What is being asked:
Drop every picture, then print the rest of the listing exactly as given.
[Data provided Boundary: Start]
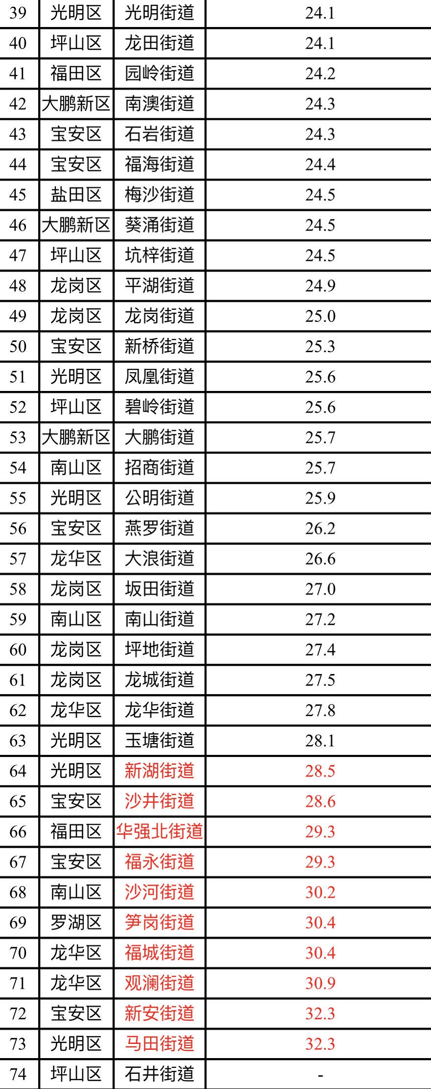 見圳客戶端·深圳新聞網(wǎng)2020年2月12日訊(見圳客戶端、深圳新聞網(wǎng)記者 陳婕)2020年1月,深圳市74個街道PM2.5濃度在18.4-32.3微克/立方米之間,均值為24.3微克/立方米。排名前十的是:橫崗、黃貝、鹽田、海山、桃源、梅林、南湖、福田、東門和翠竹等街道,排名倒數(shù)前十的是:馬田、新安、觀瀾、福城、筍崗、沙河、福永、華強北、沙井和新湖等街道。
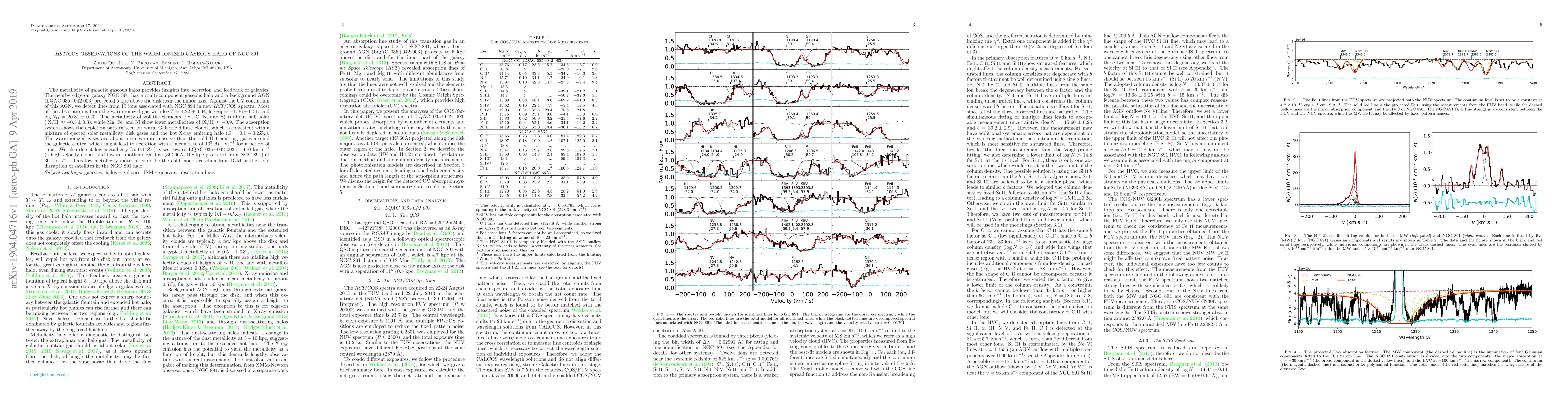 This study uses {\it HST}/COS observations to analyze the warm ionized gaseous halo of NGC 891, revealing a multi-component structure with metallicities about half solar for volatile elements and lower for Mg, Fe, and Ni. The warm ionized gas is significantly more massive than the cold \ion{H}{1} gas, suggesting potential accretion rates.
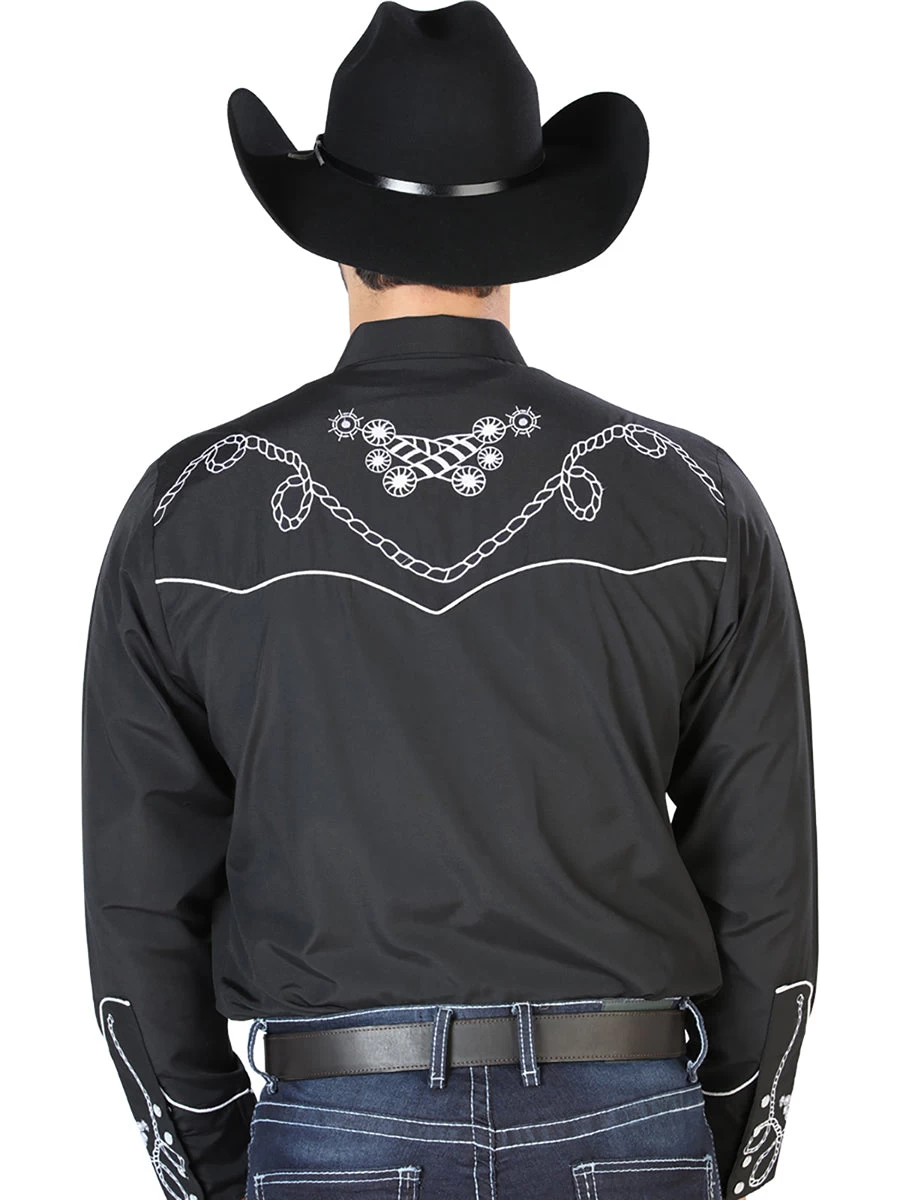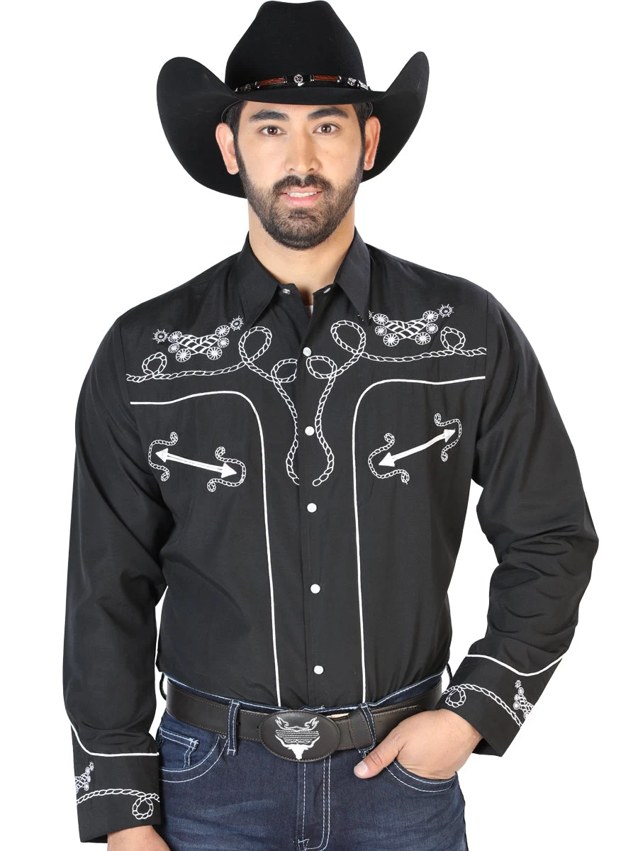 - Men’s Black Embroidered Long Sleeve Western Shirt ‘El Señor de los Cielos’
[Data provided Boundary: End]
The completed task:
 見圳客戶端·深圳新聞網(wǎng)2020年2月12日訊(見圳客戶端、深圳新聞網(wǎng)記者 陳婕)2020年1月,深圳市74個街道PM2.5濃度在18.4-32.3微克/立方米之間,均值為24.3微克/立方米。排名前十的是:橫崗、黃貝、鹽田、海山、桃源、梅林、南湖、福田、東門和翠竹等街道,排名倒數(shù)前十的是:馬田、新安、觀瀾、福城、筍崗、沙河、福永、華強北、沙井和新湖等街道。
 This study uses {\it HST}/COS observations to analyze the warm ionized gaseous halo of NGC 891, revealing a multi-component structure with metallicities about half solar for volatile elements and lower for Mg, Fe, and Ni. The warm ionized gas is significantly more massive than the cold \ion{H}{1} gas, suggesting potential accretion rates.
 - Men’s Black Embroidered Long Sleeve Western Shirt ‘El Señor de los Cielos’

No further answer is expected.